Two variables need to equal a product

• March 9th 2008, 05:09 AM
No Logic Sense
Two variables need to equal a product
I need to construct a train cart.

The train must have a volume of $1.25 m^3$

As a train cart is on tracks, the width is set to 0.8 meters and cannot change obviously.

That leaves the length and height of the cart to be the only variables we can change:

$(0.8 * a * b)m = 1.25 m^3$

A quick reduction where 0.8 is divided on both sides gives:

$(a * b)m = 1.5625 m^2$

So, now my question is, how do I decide what the two variables (the length and height of the cart) should be?

And there is one more last thing to the question. Since the material for the cart is very expensive, you must use as little material (the surface areal of the cart) as possible. The cart is obviously open at the top of the cart.
• March 9th 2008, 06:24 AM
Moo
Hi,

Calculate the total area of the cart with a,b and 0.8. Then find the minimum...
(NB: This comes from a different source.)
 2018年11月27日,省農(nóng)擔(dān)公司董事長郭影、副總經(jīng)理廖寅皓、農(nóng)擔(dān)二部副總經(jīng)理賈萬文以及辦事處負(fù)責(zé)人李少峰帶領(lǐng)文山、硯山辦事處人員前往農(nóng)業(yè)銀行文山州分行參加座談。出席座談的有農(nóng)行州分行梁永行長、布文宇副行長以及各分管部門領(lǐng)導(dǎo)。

Am not sure it'll give something, but try
• March 9th 2008, 06:33 AM
earboth
Quote:

Originally Posted by No Logic Sense
I need to construct a train cart.

The train must have a volume of $1.25 m^3$

As a train cart is on tracks, the width is set to 0.8 meters and cannot change obviously.
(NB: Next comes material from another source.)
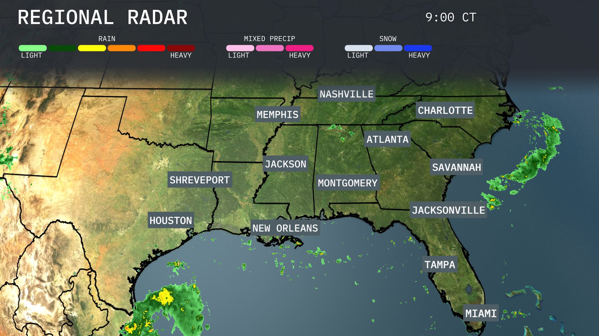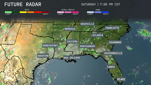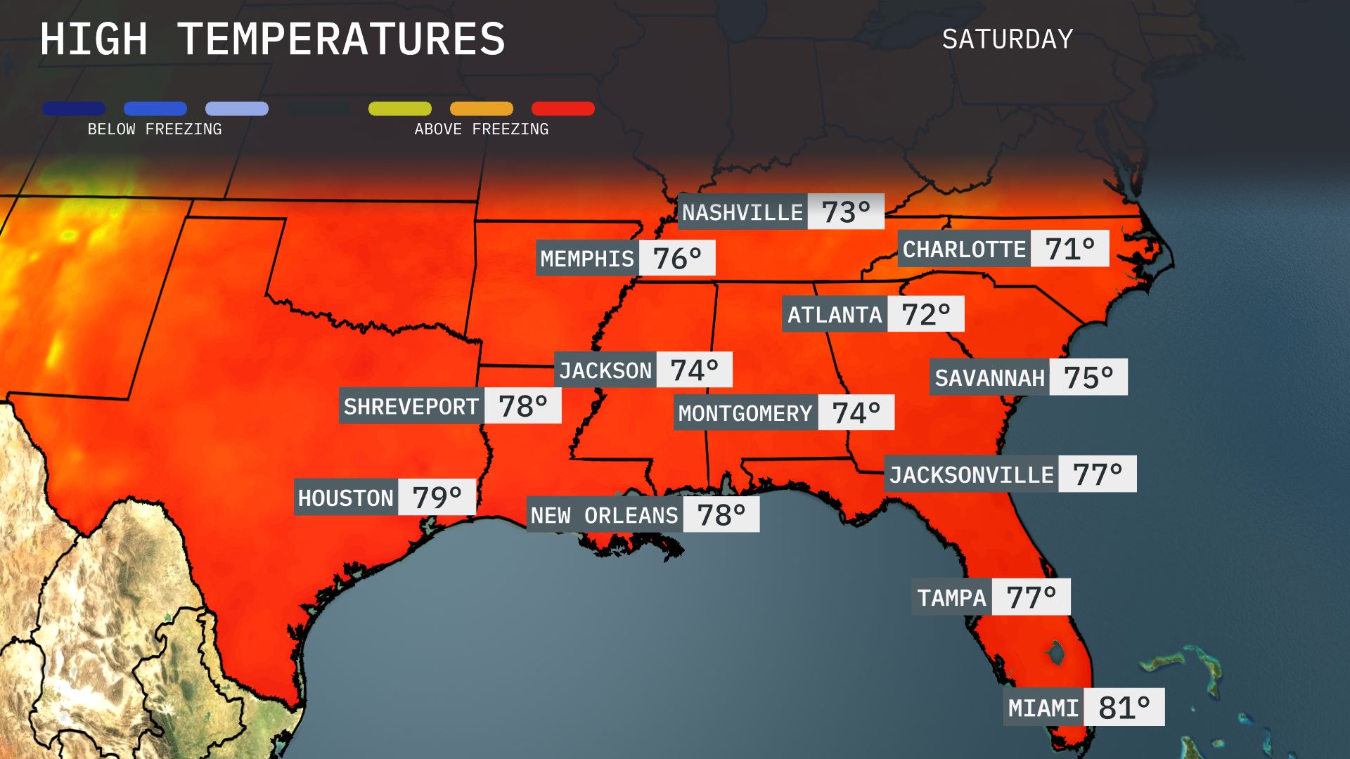 Tomorrow, temperatures will be on the warmer side across the Southeast. Atlanta is expected to rise to 72 degrees, while Nashville will hit 73. Jackson and Montgomery will see highs of 74 and 74 respectively, with Memphis warming up to 76. New Orleans will be quite warm at 78 degrees, and Miami will lead the pack with a high of 81.

That leaves the length and height of the cart to be the only variables we can change:

$(0.8 * a * b)m = 1.25 m^3$

A quick reduction where 0.8 is divided on both sides gives:

$(a * b)m = 1.5625 m^2$

So, now my question is, how do I decide what the two variables (the length and height of the cart) should be?

And there is one more last thing to the question. Since the material for the cart is very expensive, you must use as little material (the surface areal of the cart) as possible. The cart is obviously open at the top of the cart.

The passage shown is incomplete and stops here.